Solve the following quadratic equation using square roots: (x−18)^2=196.
{32,4} left brace 32 comma 4 right brace {214,−178} left brace 214 comma negative 178 right brace {21,5} left brace 21 comma 5 right brace {−4,−32} left brace negative 4 comma negative 32 right brace
To solve the equation using square roots, we can take the square root of both sides of the equation:
√((x−18)^2) = √196
(x−18) = ±√196
(x−18) = ±14
To find the solutions, we can solve the two equations separately:
1) (x−18) = 14
Adding 18 to both sides, we get:
x = 14 + 18
x = 32
2) (x−18) = -14
Adding 18 to both sides, we get:
x = -14 + 18
x = 4
Therefore, the solutions to the equation (x−18)^2=196 are x = 32 and x = 4.
To solve the quadratic equation (x−18)² = 196 using square roots, we can follow these steps:
Step 1: Take the square root of both sides of the equation.
√((x−18)²) = √196
Step 2: Simplify the equation.
x−18 = ±√196
Step 3: Simplify the square root of 196.
x−18 = ±14
Step 4: Solve for x.
Option 1: x−18 = 14
Adding 18 to both sides: x = 14 + 18 = 32
Option 2: x−18 = -14
Adding 18 to both sides: x = -14 + 18 = 4
Therefore, the solutions to the quadratic equation (x−18)² = 196 using square roots are x = 32 and x = 4.

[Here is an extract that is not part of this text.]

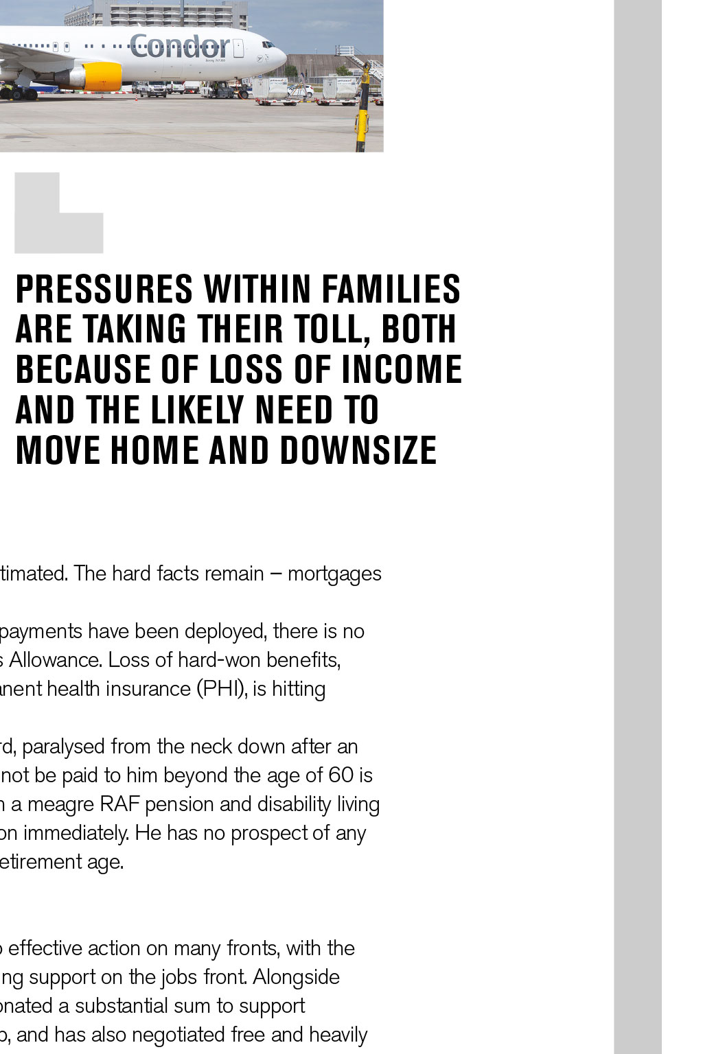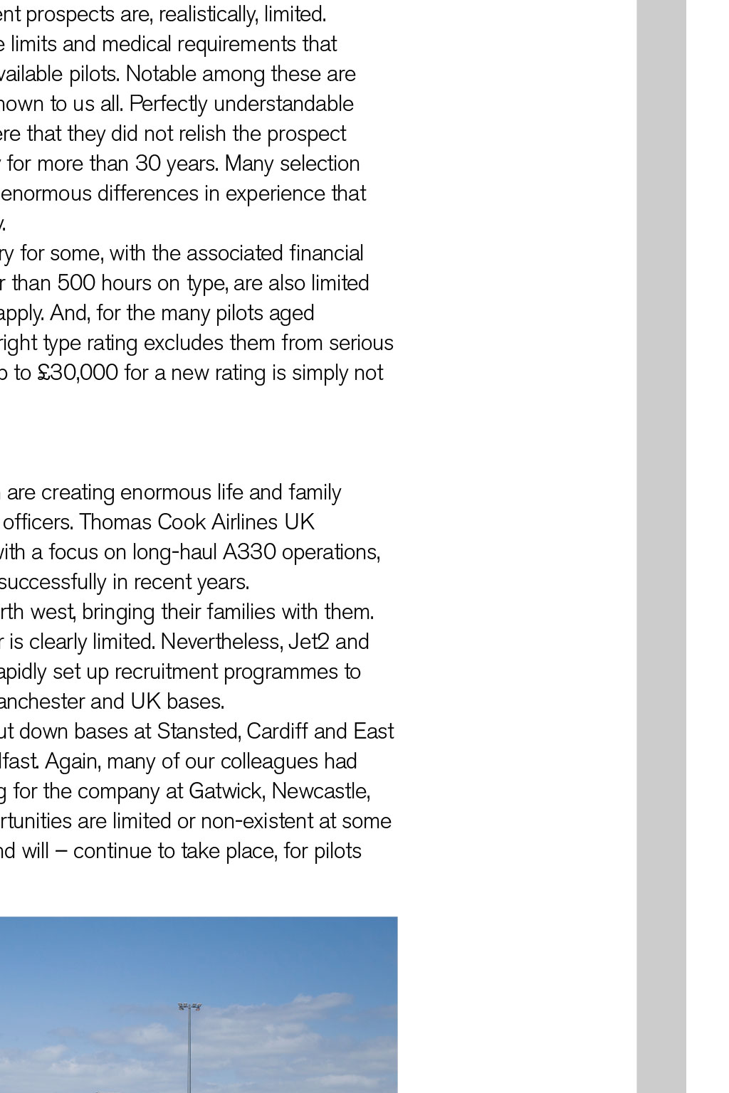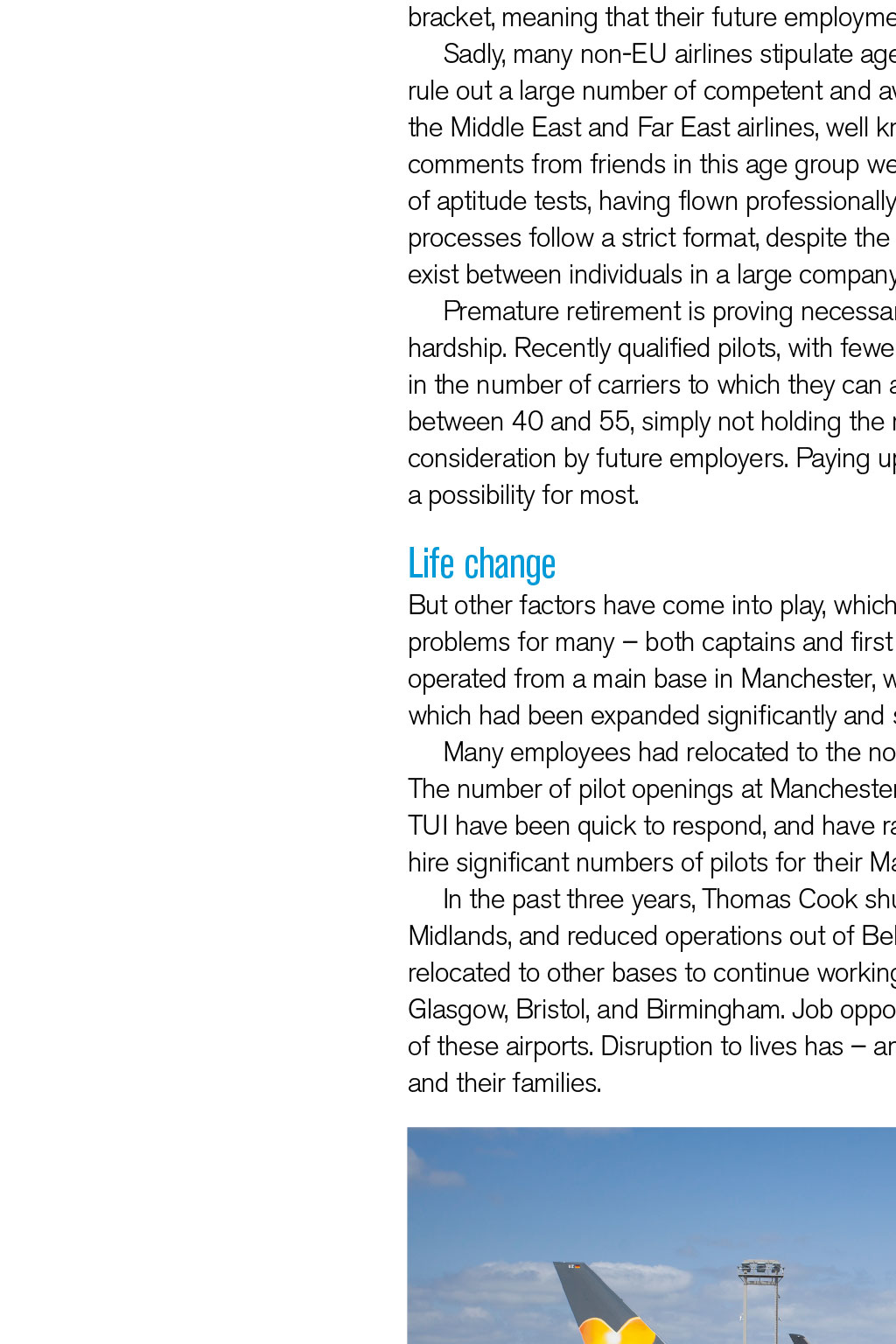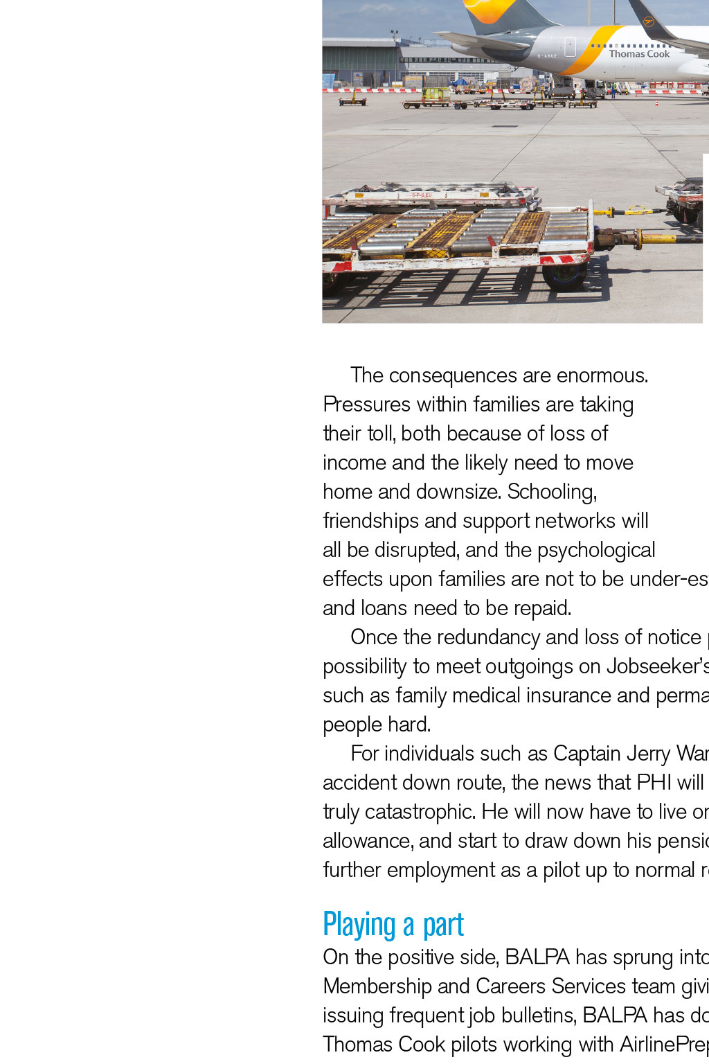 FINAL DESTINATION We take a look at the human cost of the collapse of the oldest travel business in the world, Thomas Cook By David Keen, Log Board member and former Thomas Cook pilot Monday 23rd September 2019 is a date that will stay lodged in more than 9,000 people’s memories. At 2am, the UK arm of the Thomas Cook Group was declared insolvent, and the company liquidation process began immediately. At the time of the announcement, Thomas Cook’s UK fleet of more than 40 aircraft were either on the ground in the UK or on their way back to home base. Landing A330s, all on long-haul flights eastwards to the UK, were allocated remote stands upon arrival. Airport vehicles moved obstacles into place to block any movement of the incoming and already parked aircraft – a most unpleasant sight as daylight broke. No such event took place for the remaining group airlines operating in Germany, Spain, and Scandinavia, which continued to function as before, supported by prompt and EU- approved governmental aid. The 9,000 UK employees lost their jobs in a flash. This was a tragic ending for a British company that had been in existence for 178 years, and that was a household name at home and abroad. Given the understandable public reassurance from senior management up until the final hours, the sudden shock affecting all Thomas Cook workers was palpable. The full extent of the event hit the country from 6am on the same day, with significant media coverage throughout Monday and into the following days. Widespread recriminations surfaced against top managers present and past. And, despite the muted warnings of the possibility of collapse in the preceding days, the impact on the staff of Thomas Cook UK was profound and painful. Among the 9,000 were just fewer than 600 pilots, the overwhelming majority of whom are BALPA members. This was the biggest pilot lay-off in UK history and, as such, has had a major impact upon the employment situation for new and aspiring airline pilots in Britain and abroad, as well as on the 600 newly unemployed pilots of Thomas Cook. Not just a job For many people working at the sharp end of Thomas Cook’s Airbus fleet, the event was of far greater significance than simply losing their current job. Quite a number were formerly Monarch Airlines pilots who had, therefore, been through this tough experience only two years previously. They had experienced a decline in earnings followed by unemployment as their company folded. They then re-started their careers with Thomas Cook on lower pay as first officers. In addition, a substantial group of individuals are in the higher age (and experience) bracket, meaning that their future employment prospects are, realistically, limited. Sadly, many non-EU airlines stipulate age limits and medical requirements that rule out a large number of competent and available pilots. Notable among these are the Middle East and Far East airlines, well known to us all. Perfectly understandable comments from friends in this age group were that they did not relish the prospect of aptitude tests, having flown professionally for more than 30 years. Many selection processes follow a strict format, despite the enormous differences in experience that exist between individuals in a large company. Premature retirement is proving necessary for some, with the associated financial hardship. Recently qualified pilots, with fewer than 500 hours on type, are also limited in the number of carriers to which they can apply. And, for the many pilots aged between 40 and 55, simply not holding the right type rating excludes them from serious consideration by future employers. Paying up to £30,000 for a new rating is simply not a possibility for most. Life change But other factors have come into play, which are creating enormous life and family problems for many – both captains and first officers. Thomas Cook Airlines UK operated from a main base in Manchester, with a focus on long-haul A330 operations, which had been expanded significantly and successfully in recent years. Many employees had relocated to the north west, bringing their families with them. The number of pilot openings at Manchester is clearly limited. Nevertheless, Jet2 and TUI have been quick to respond, and have rapidly set up recruitment programmes to hire significant numbers of pilots for their Manchester and UK bases. In the past three years, Thomas Cook shut down bases at Stansted, Cardiff and East Midlands, and reduced operations out of Belfast. Again, many of our colleagues had relocated to other bases to continue working for the company at Gatwick, Newcastle, Glasgow, Bristol, and Birmingham. Job opportunities are limited or non-existent at some of these airports. Disruption to lives has – and will – continue to take place, for pilots and their families. The consequences are enormous. Pressures within families are taking their toll, both because of loss of income and the likely need to move home and downsize. Schooling, friendships and support networks will all be disrupted, and the psychological effects upon families are not to be under-estimated. The hard facts remain – mortgages and loans need to be repaid. Once the redundancy and loss of notice payments have been deployed, there is no possibility to meet outgoings on Jobseeker’s Allowance. Loss of hard-won benefits, such as family medical insurance and permanent health insurance (PHI), is hitting people hard. For individuals such as Captain Jerry Ward, paralysed from the neck down after an accident down route, the news that PHI will not be paid to him beyond the age of 60 is truly catastrophic. He will now have to live on a meagre RAF pension and disability living allowance, and start to draw down his pension immediately. He has no prospect of any further employment as a pilot up to normal retirement age. Playing a part On the positive side, BALPA has sprung into effective action on many fronts, with the Membership and Careers Servi

To solve the quadratic equation (x−18)² = 196 using square roots, follow these steps:
Step 1: Rewrite the equation in standard form.
(x−18)² = 196
Step 2: Take the square root of both sides of the equation.
√[(x−18)²] = ±√196
Step 3: Simplify the square root on the left side.
|x−18| = ±14
Step 4: Solve for x by considering both positive and negative values.
x−18 = 14 or x−18 = -14
Step 5: Solve each equation separately.
For x−18 = 14:
Add 18 to both sides: x = 18 + 14 = 32
For x−18 = -14:
Add 18 to both sides: x = 18 - 14 = 4
Therefore, the solutions for the quadratic equation (x−18)² = 196 using square roots are x = 32 and x = 4.